Preferred shares provide a special investment opportunity for Filipinos looking to support local companies while enjoying certain privileges that come with the shares. These shares combine features of both stocks and bonds and give investors a unique stake in a company’s success, particularly regarding dividends and asset distribution.
What are Preferred Shares?
Preferred shares are a hybrid type of investment, merging elements of stocks and bonds. When you buy preferred shares, you are essentially purchasing a part of the company, akin to buying a stock. However, these shares also resemble bonds because they usually pay a fixed dividend, similar to interest payments you receive from bonds. It’s important to note that dividends aren’t guaranteed; they must be declared by the company’s board.

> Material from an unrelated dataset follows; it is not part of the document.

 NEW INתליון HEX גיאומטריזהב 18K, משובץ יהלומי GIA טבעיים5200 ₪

When you invest in preferred shares, you gain specific advantages over common stockholders. The most notable benefits involve priority for dividend payments and asset distribution. This means you have a better chance of receiving payments even if a company faces financial challenges.

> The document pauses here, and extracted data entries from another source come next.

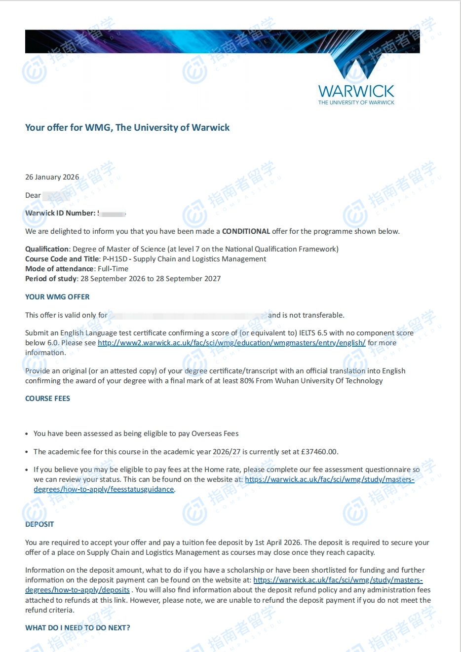 華威大學(xué)供應(yīng)鏈與物流管理理學(xué)碩士研究生offer一枚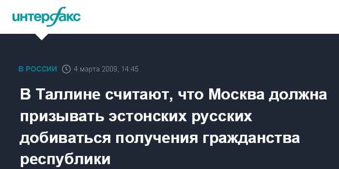 В Таллине считают, что Москва должна призывать эстонских русских добиваться получения гражданства республики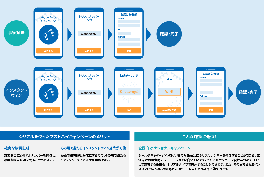インスタントウィンキャンペーン インスタントウィンキャンペーンでは、応募後にすぐ当選結果が表示されます。シリアルナンバーやユニークQRを活用することで、当選者に対する喜びやワクワクなどのポジティブな体験を即時的に提供できます。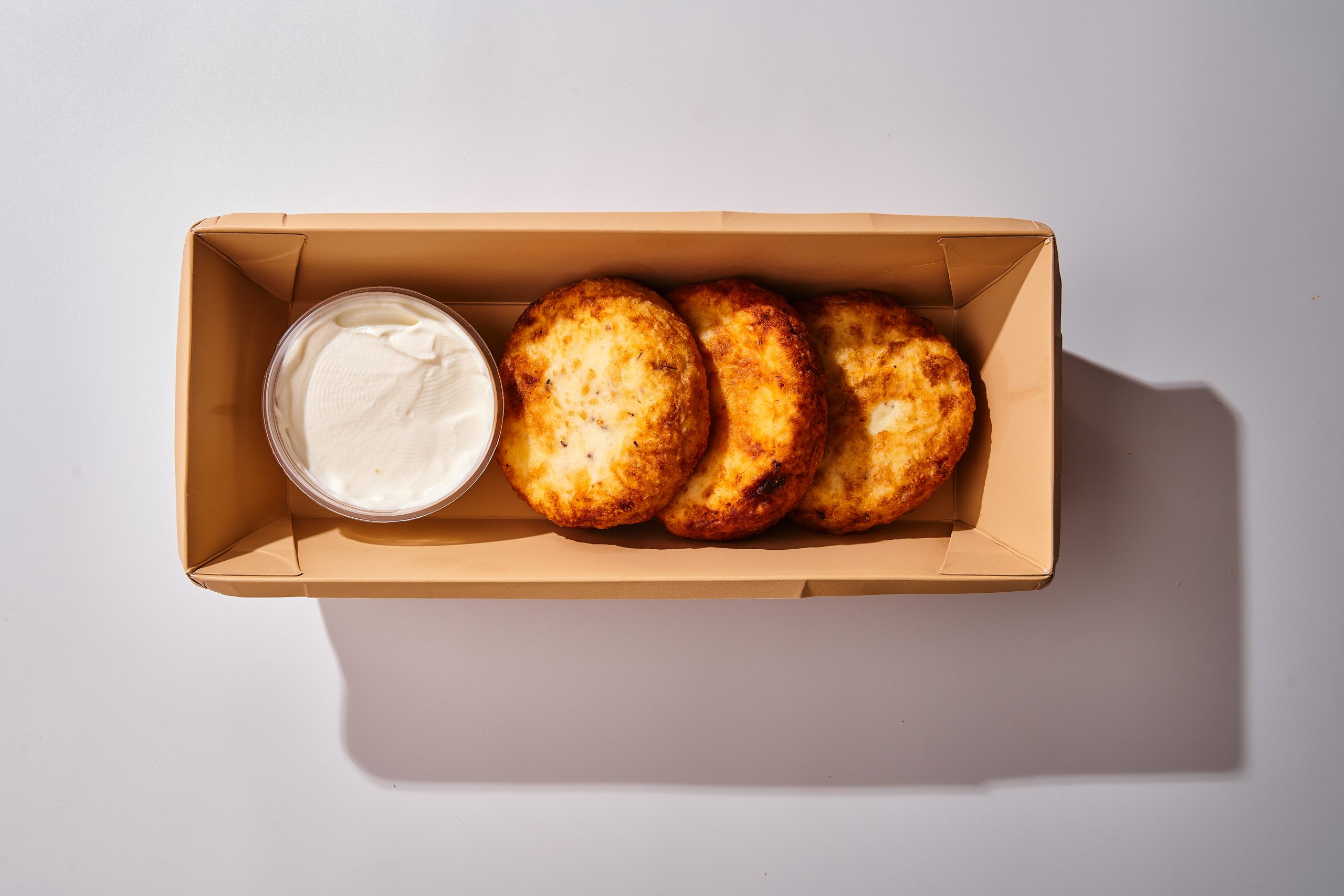 Творог 9%, яйцо, изюм джамбо в роме, вода, сахарный песок, сахарная пудра, мука пшеничная в/с, масло подсолнечное, соусник со сметаной.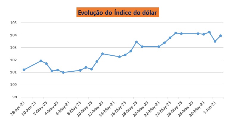 Legenda: O gráfico acima ilustra a evolução do índice do dólar norte-americano numa base diária de 28 de Abril a 02 de Junho de 2023.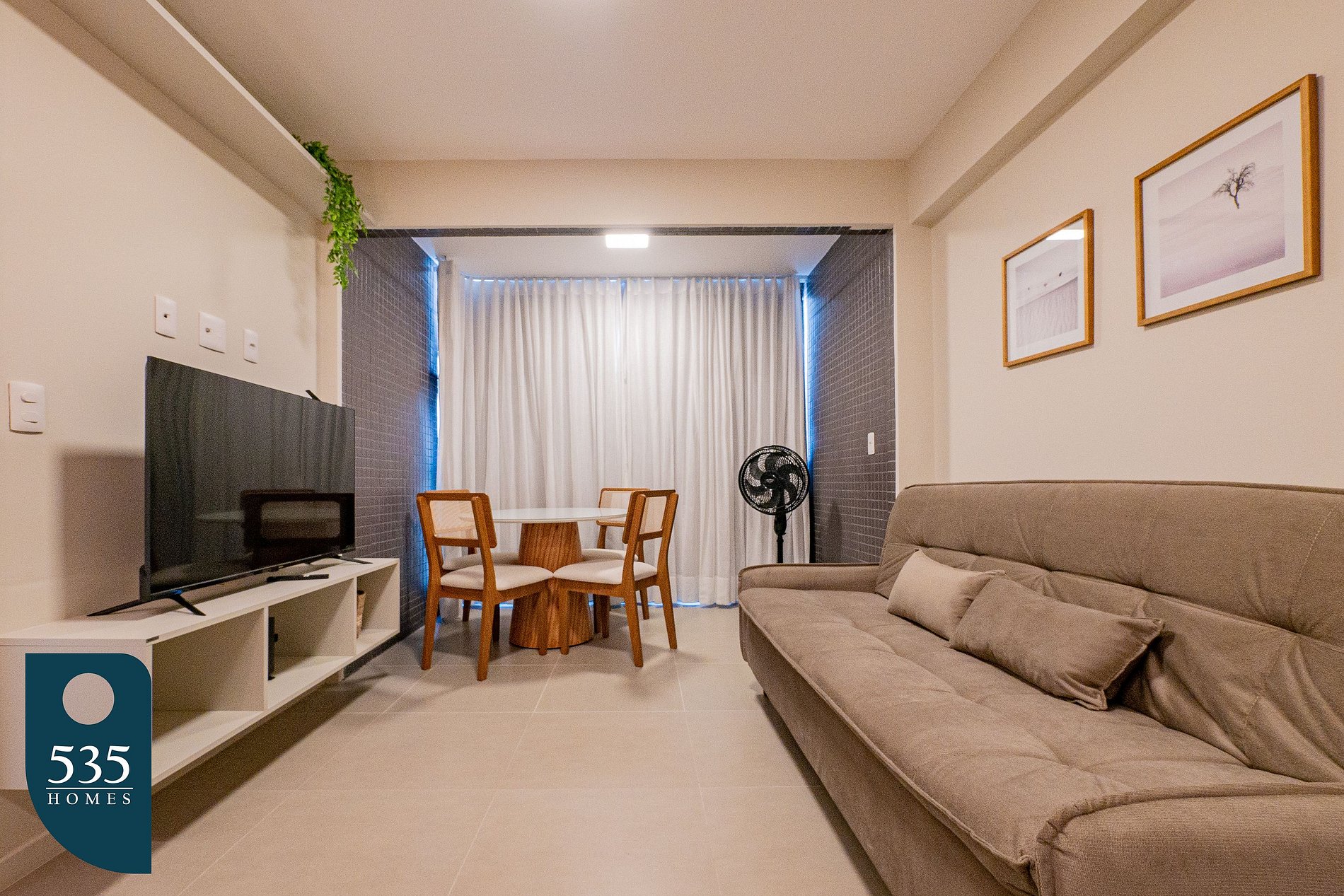 In the living room, you'll find a cozy space with a standing fan, a 50” Smart TV, and a dining table with chairs—perfect for relaxing or enjoying a meal.

Key Features of Preferred Shares for Filipino Investors
Preferred shares offer distinctive features that set them apart from other investment forms, making them a potentially suitable option for various Filipino investors:
Fixed Dividends: Many preferred shares come with a fixed dividend rate, allowing you to know exactly how much income you can expect regularly. This predictable income can be very appealing for those seeking an income source, especially in a low-interest-rate environment. However, it’s still crucial to remember that dividends are not guaranteed and can be subject to the company’s financial health.
Dividend Priority: Preferred shareholders receive dividend payments before common shareholders, meaning if a company does generate profits, you will get paid before those who hold common stocks. This prioritization can make preferred shares a safer choice during tough financial periods.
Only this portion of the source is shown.